As to the theory itself -- well, it's not so much a theory as an observation: that we are constantly surprised by events because of limitations of our knowledge. The title of the book comes from the idea that it takes the sighting of only a single black swan to disprove the theory that all swans are white, regardless of the millions of white swans that have been observed.

And this speaks to the problem of induction, which we use to guide our lives. We're always generalizing from what happened, and what happens is what usually happens. Thus, we're always surprised by what doesn't usually happen.

Hmm. When you put it that way, it sounds pretty banal, doesn't it? A number of reviewers said that the book could have been condensed into a magazine article, and perhaps they're right.

But as is often the case, I found that I can use a lot of his ideas for my own purposes, in a more encompassing theory of which the author would no doubt disapprove. Again, he gives no indication of being a believer, and indeed, in my experience, most believers would have difficulty accepting his thesis of randomness.

But I would turn this around and say that if not for randomness, evolution, progress, free will, and ultimately spiritual growth would be quite impossible. In other words, if we were wholly constrained by physical law in a deterministic manner, there would be no possibility of the emergence of true novelty. In my view, randomness and uncertainty are where the final causation -- or destiny -- gets in. We do not create our destiny. Rather, it draws us toward it, ultimately into the Great Attractor.

For Taleb, a Black Swan is defined by three properties: rarity, high impact, and retrospective predictability. He uses the example of World War I, and "how little of your understanding of the world on the eve of the events of 1914 would have helped you guess what was to happen next."
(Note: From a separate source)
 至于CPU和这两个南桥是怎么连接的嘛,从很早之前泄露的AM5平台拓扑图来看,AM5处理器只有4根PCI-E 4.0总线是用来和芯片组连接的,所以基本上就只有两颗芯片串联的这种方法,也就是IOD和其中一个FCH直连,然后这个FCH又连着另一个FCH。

Or, one might cite the collapse of the Soviet Union, or the British Invasion of 1964, or the rise of self-publishing from one's home computer. No one saw these things coming. They are only explained in hindsight. But even then, the explanations tend to be arbitrary or ideological, with this or that scholar "connecting the dots" in a way that comports with their own world view.
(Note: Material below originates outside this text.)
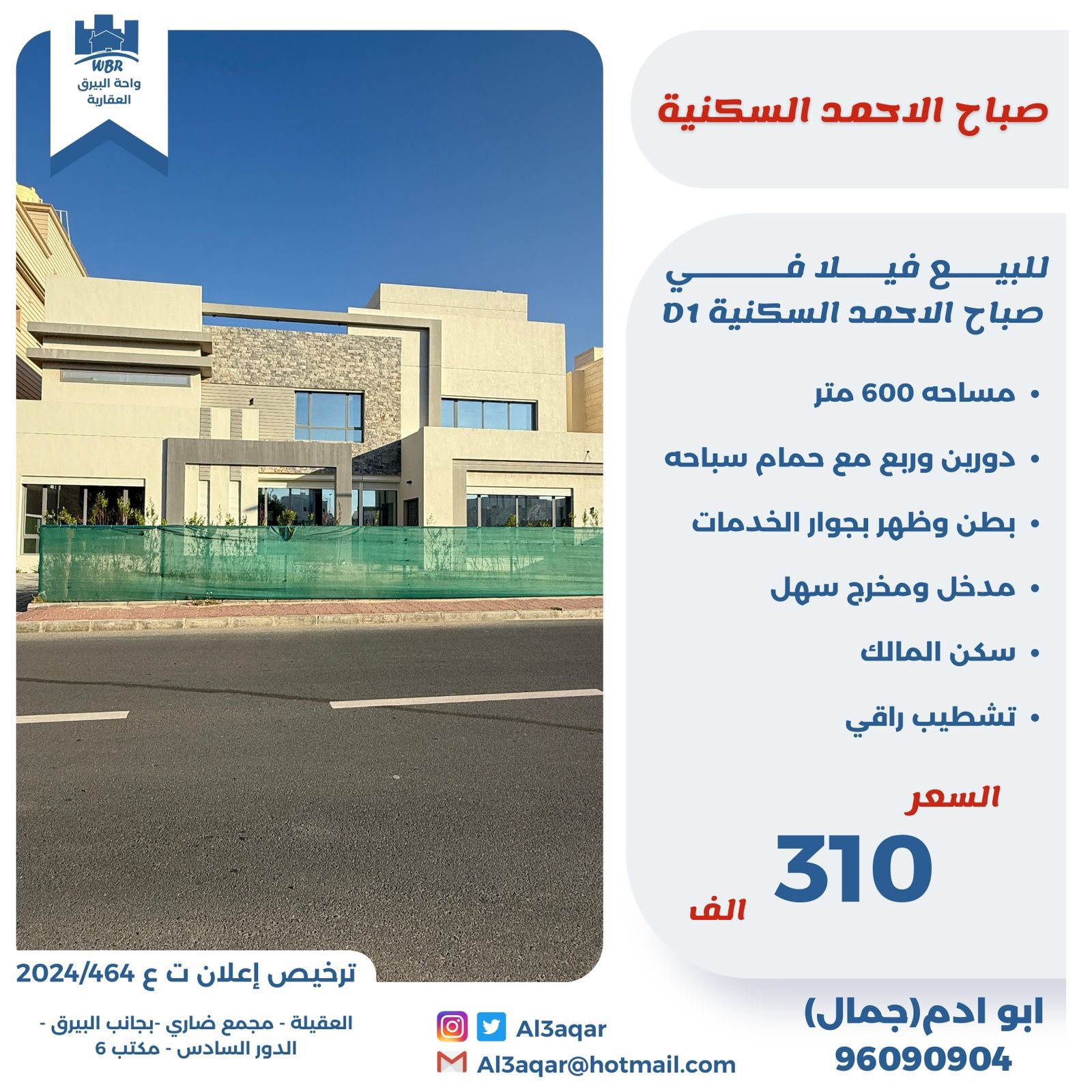 للبيع فيلا فى صباح الاحمد السكنية D1 ، مساحتها 600 متر مربع ، تتكون من دورين وربع مع حمام سباحة ، تقع على بطن وظهر بجوار الخدمات مدخل ومخرج سهل ، سكن المالك تشطيب راقي السعر 310 ألف د.ك .

But again, thank God for the possibility of Black Swans, for as Taleb points out, "Literally, just about everything of significance around you might qualify." Indeed, all you have to do is examine your own life for the chance encounters that "changed everything."

But this also applies to science, which is hardly the linear and continuous enterprise it's made out to be. To the contrary, more often than not, the researcher "discovers" something he wasn't even looking for, anything from penicillin to the background radiation that proves the big bang.

This was something discussed by Michael Polanyi, one of our foundational Raccoon thinkers. He observed that science could never be controlled from the top down, but could only emerge from the bottom up, as a spontaneous order. He noticed that leftist governments didn't allow the freedom and spontaneity for true science to emerge.

The left wing abuse of science continues today with everything from "climate change" to "green energy" to their self-defeating economic theories. Most recently, we saw a judge in California using left-wing activists pseudo-science to prove that gender is irrelevant to marriage.

Taleb affirms a principle with which the psychoanalyst would certainly agree, that "what you don't know" is "more relevant than what you do know."

First of all, what we know is just a tiny fraction of what there is to know. But more problematically, so much of what we know just isn't so, which is why Taleb makes the wise crack that reading the New York Times actually decreases one's knowledge of the world. As he points out, what we know can become inconsequential just by virtue of knowing it, especially if competitors and enemies know you know it.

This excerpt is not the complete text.